Sunday, 9 June 2019

A Morning on Gower: St Cattwg, Cheriton

      Thursday morning and a trip to the far north-west of the Gower peninsular.  A wonderful morning it was, travelling around such a remarkable and beautiful landscape.

      Our first stop was Cheriton, a tiny village nestling deep in the valley of the Burry Pill.  Atmospheric and remote. The church is small but rather monumental thanks to its clear design and heft. It consists of nave, sturdy tower and chancel - three simple volumes.  There are no aisles, but there is a south porch and a Victorian (N) vestry disguised as a N Transept. The church dates from the 13th century, but one could believe it is earlier still - the walls are thick, windows are rare, small and simple in design.  There is a simplicity and primitive quality to this structure that is entirely satisfying.
     The only decorative elements are the really fine s door and the corbels that help support the arches under the tower. Indeed they are the only real carving inside the church for the the interior is just as simple as the exterior which, alas was rather dark when we visited, but then it was pouring with rain outside - a passing shower really but very heavy.  The interior, however, was very moving; a holy place one felt.

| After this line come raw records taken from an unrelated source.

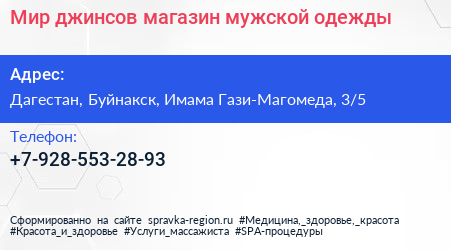 Мир джинсов, магазин мужской одежды по адресу Дагестан, Буйнакск, Имама Гази-Магомеда, 3/5 в дальнейшем Организация, размещена в следующих категориях:
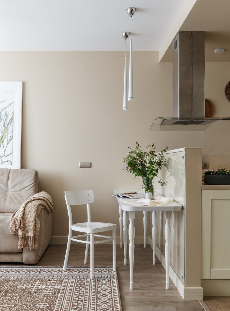 In urma acestor configurari, spatiul pare mai fluent, in ciuda reducerii suprafetei aferente fiecarei functiuni in parte. De aceea, designerul a mizat pe o nuanta neutra cu care a zugravit toti peretii, creand astfel o senzatie unitara la nivelul amenajarii.
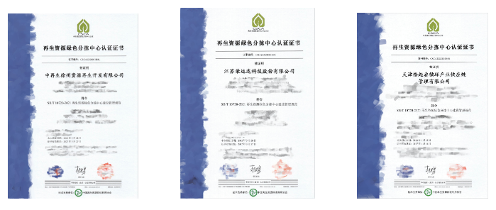 以上分别为再生资源绿色分拣中心刚刚认证编号分别为CSCA22G0001R0L、CSCA22G0002R0S和CSCA22G0003R0S的中再生徐州资源再生开发有限公司、江苏荣运达科技股份有限公司和天津拾起卖循环产业供应链管理有限公司。

I was particularly taken with the relative narrowness of the two crossing arches (how 'Anglo-Saxon' this arrangement seemed) and felt the e wall of the nave was crying out for two cathedral-scale icons; Pantocrator on the right (S) and Theotokos on the left (N).  But then, forgive the wild conjecture, that was perhaps how a wall like was actually used at one point, covered in images. St Benedict Biscop decorated his monastic churches with icons he obtained in Rome, and later Anglo-Saxon clerics on pilgrimage to Rome bought among other things silks manufactured in the East Roman Empire and the Caliphate with which to make vestments and altar hangings.  But I digress, but we forget that Rome in the Early Middle Ages was one of the centres of Byzantine civilisation, the walls of its churches sheathed in mosaic and its altars and priests dressed in Byzantine silks. Hard sometimes to believe that the Roman Rite was actually conducted in a space such as Santa Maria Antiqua, it hardly seems to 'fit'. But that really, really is another post.
     No fittings of note except that the Victorian vicar here, the remarkable, scholarly J D Davies, not only had the roofs coloured (quite successfully), but made a number of the fittings himself - slightly clumsy, to be honest, but fun.